Travel Guides Villefranche-sur-Mer-on-the-French-Riviera-coast-800x600

Published on February 22nd, 2018 | by Sun Gold Soap


Visiting the French Riviera Off-Season

Off-season holidays allow travelers to explore and discover great places without the usual crowds of tourists (these can ruin the experience for many), and in a way that’s much friendlier with their budgets. But it’s called “off-season” for a reason – the weather is usually not ideal for the main tourist attracting activity of the area. This means, for example, that the sea is likely not warm enough for taking a swim, or the number of sunny days is lower at the French Riviera.

The French Riviera – called Cote d’Azur by the locals – has the reputation of a luxury area visited by royal figures in the past, and celebrities in our days. Also, it has the reputation of a prohibitively expensive place to spend your holidays. Actually, the prices are not “that” prohibitive, but due to its fame the French Riviera is crowded during its peak tourist season, and its prices are considerably higher.
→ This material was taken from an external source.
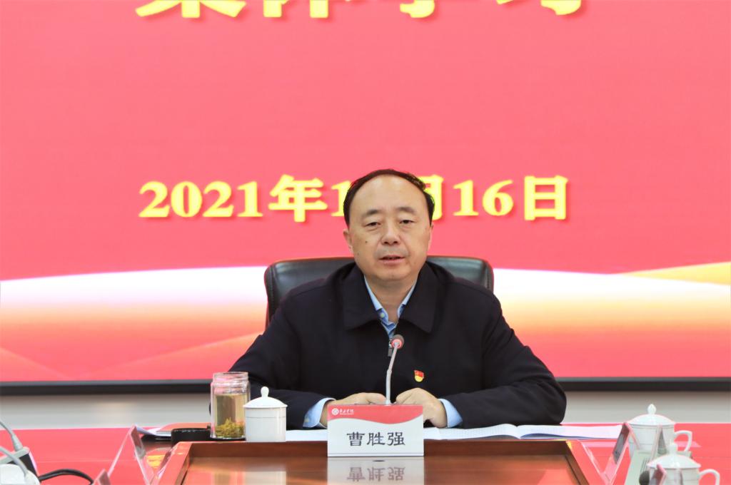 11月16日下午,我校党委理论学习中心组(扩大)在综合楼三楼会议室举行党的十九届六中全会精神专题学习会。校党委书记曹胜强主持学习并就全校贯彻落实工作作出部署。省委党史学习教育第四巡回指导组成员苗素军、时新华进行了巡听旁听。校党委委员李文喜、曾宪明、李目海、丰雷、安涛、孙正、张昌林、林勇,纪委、办公室、社会科学处等部门负责人,各党总支书记、党史学习教育领导小组成员参加学习。

But being much more budget friendly off-season is not the main attraction of the area – it will offer mild temperatures, and a much more authentic experience.
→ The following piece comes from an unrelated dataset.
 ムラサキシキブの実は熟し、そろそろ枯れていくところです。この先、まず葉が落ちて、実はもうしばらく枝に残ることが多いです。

Given its location (it is the Mediterranean coastline of the southeast corner of France, between the Italian border in the east and Saint-Tropez, Hyères, Toulon, or Cassis in the west) the French Riviera has long, hot summers. Those who prefer milder temperatures should not visit the area at all during the summer, but preferably in late spring or early fall. During the summer the area is crowded with sunseekers, vacationers and tourists, both from France and the rest of Europe – some of them come for the food, others for the climate (especially those from the north), and many come to see the celebrities spending their time here. And another reason: many French employees are on holiday in August (sometimes for the whole month), and many of them spend this time at the French Riviera.

Traveling off-season to the Southern France will give you the opportunity to explore the towns and villages in piece, and experience a much more authentic atmosphere. Consider this: during the tourist season, when the population of the settlements sometimes doubles, the locals are understandably stressed by the crowds (and their sometimes extreme demands), so hospitality has to suffer. While off-season, the locals can be much more friendly, much nicer, and much less stressed out.

And finally, let’s see the prices. Some famous, stylish cities everyone talks about – Cannes, home of the famous film festival, St. Tropez or Monte Carlo in the nearby Monaco – can be quite expensive even off the high season, but lodging for friendly fares (and extras often included in the price – so you won’t have to spend your own bucks for playing royal vegas mobile games in your room) is available in many nearby settlements, and even less “touristy” areas of the towns. This way you can taste the authenticity of the area – both literally and figuratively speaking.